Joel Casamayor Johnson (born July 12, 1971) is a Cuban American former professional boxer who competed from 1996 to 2011. He held world championships in two weight classes, including the WBA super featherweight title from 2000 to 2002; and the WBC, Ring magazine and lineal lightweight titles between 2006 and 2008. As an amateur, Casamayor won a gold medal in the bantamweight division at the 1992 Olympics, after which he defected to the United States on the eve of the 1996 Olympics.

Amateur career
Casamayor's amateur record stands at 363 wins and 30 losses.
1989 – Gold medal (Bantamweight) at the Junior World Championships
1992 – Gold medal (Bantamweight) at the 1992 Summer Olympics in Barcelona, Spain
Defeated Venkatesan Devarajan (India) points
Defeated Riadh Klaai (Tunisia) points
Defeated Roberto Jalnaiz (Philippines) KO 1
Defeated Mohammed Achik (Morocco) TKO 1
Defeated Wayne McCullough (Ireland) points
1993 – Silver medal (Bantamweight) at the 1993 World Amateur Boxing Championships in Tampere, Finland
Defeated Agathangelos Tsiripidis (Greece) TKO 3
Defeated Dirk Krueger (Germany) points
Defeated Arthur Mikaelian (Armenia) points
Defeated Vladislav Antonov (Russia) points
Lost to Alexander Hristov (Bulgaria) points
1994 – Bronze medal (Featherweight) at the World Cup in Bangkok, Thailand
Defeated Brian Carr (Scotland) points
Defeated Nourredine Medjihoud (Algeria) points
Defeated Cristian Rodriguez (Argentina) points
Lost to Falk Huste (Germany) points
1994 – Silver Medal (Featherweight) at the Goodwill Games in St. Petersburg, Russia
Defeated Kai Kandelin (Finland) TKO 1
Defeated Claude Chinon (France) points
Lost to Ramaz Paliani (Russia) points
1995 – Competed (Featherweight) at the 1995 World Amateur Boxing Championships in Berlin, Germany
Lost to Raimkul Malachbekov (Russia) points

Professional career

He won the NABF Super Featherweight title in 1999 by beating Jose Luis Noyola. Later that year, he won the WBA Super Featherweight title by stopping Jong-Kwon Baek in 5 rounds. In 2002, he lost that title in a controversial unification bout with WBO champion Acelino Freitas. At one point in the fight, Casamayor slipped and the referee ruled it a knockdown. Casamayor also had a point deducted for a late hit. Many believe Casamayor should have won the fight. In 2004, Diego Corrales, whom Casamayor stopped in 2003 for the Vacant IBA super featherweight title, defeated him for the vacant WBO Super Featherweight title via a very close and controversial decision. Casamayor failed to take the WBC Lightweight title from José Luis Castillo later that year because the judges scored what seemed to be a clear win for Casamayor over Castillo. After the disputed loss to Castillo, Casamayor's career appeared to be in a downward spiral and he was set up with undefeated rising prospect Almazbek Raiymkulov in June 2005. In a close, spirited battle the bout ended in a draw, with many believing that Casamayor's best days were behind him.

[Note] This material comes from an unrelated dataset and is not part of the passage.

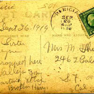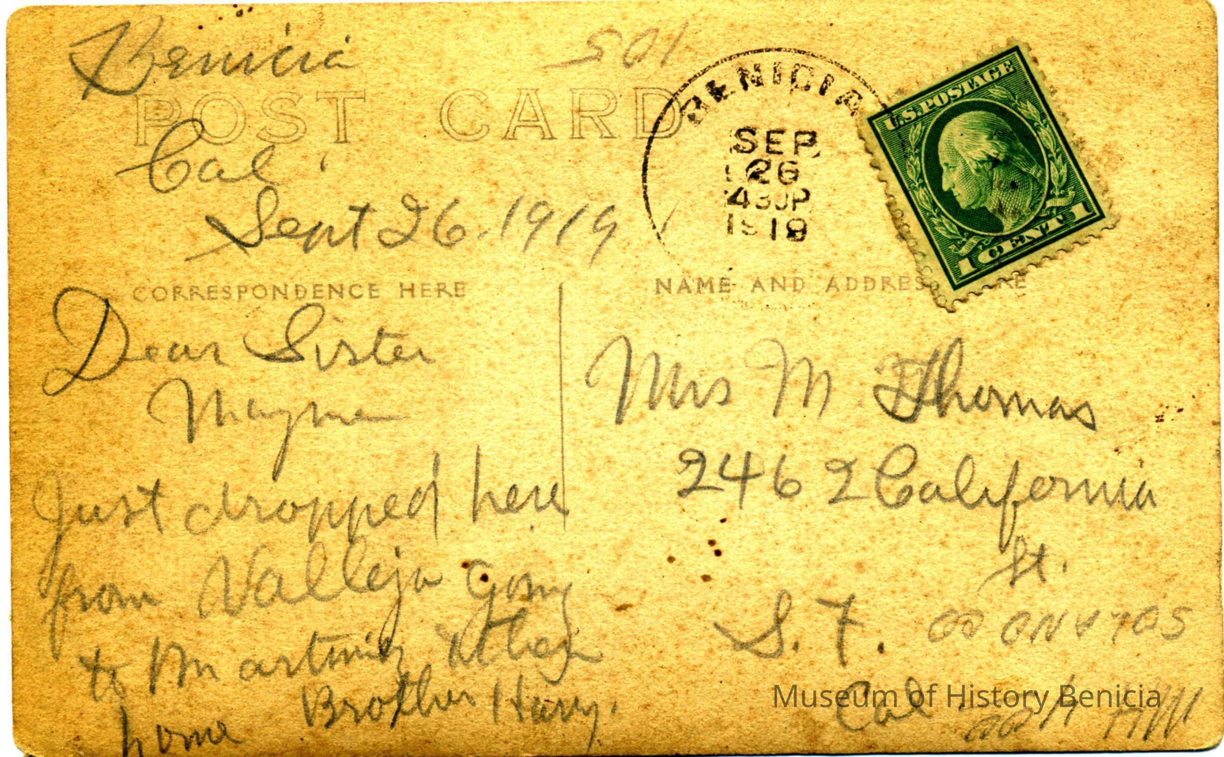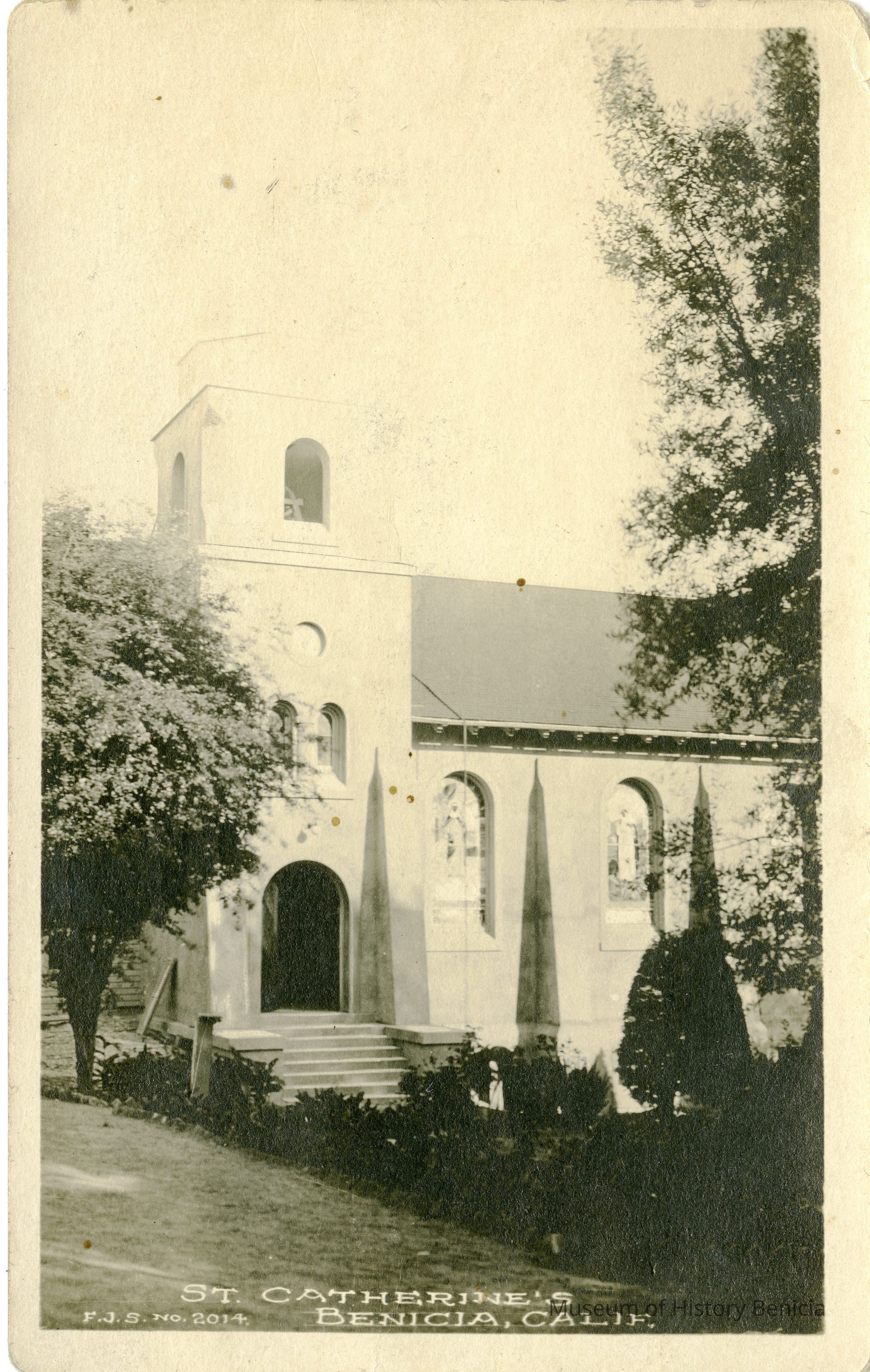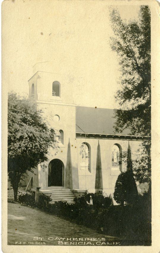 This is a divided back postcard. The photo is of St. Catherine's in Benicia. The card was published by Frank J. Stumm of Benicia, CA. The back is addressed to Mrs. M. Thomas of San Francisco, CA. The card is from her brother telling his sister his travel plans, Vallejo, Benicia, Martinez then home.Collection

After two victories against little known opposition, in October 2006, Casamayor yet again took on the popular Diego Corrales, and defeated him by split decision, winning the WBC Lightweight title and recognition as the world lightweight champion by Ring Magazine. He was stripped of the WBC title for signing to fight then WBO lightweight champion Freitas rather than defend against his mandatory challenger, WBC interim champion David Díaz. Although the fight with Freitas never took place, David Díaz was still named WBC champion and Freitas went on to fight WBA champion Juan Díaz, losing via a 9th-round TKO.

After Casamayor threatened the WBC with legal action, he was named as their interim champ. He defended the interim championship as well as The Ring's title against Jose Armando Santa Cruz on November 11, 2007 and won a controversial split decision.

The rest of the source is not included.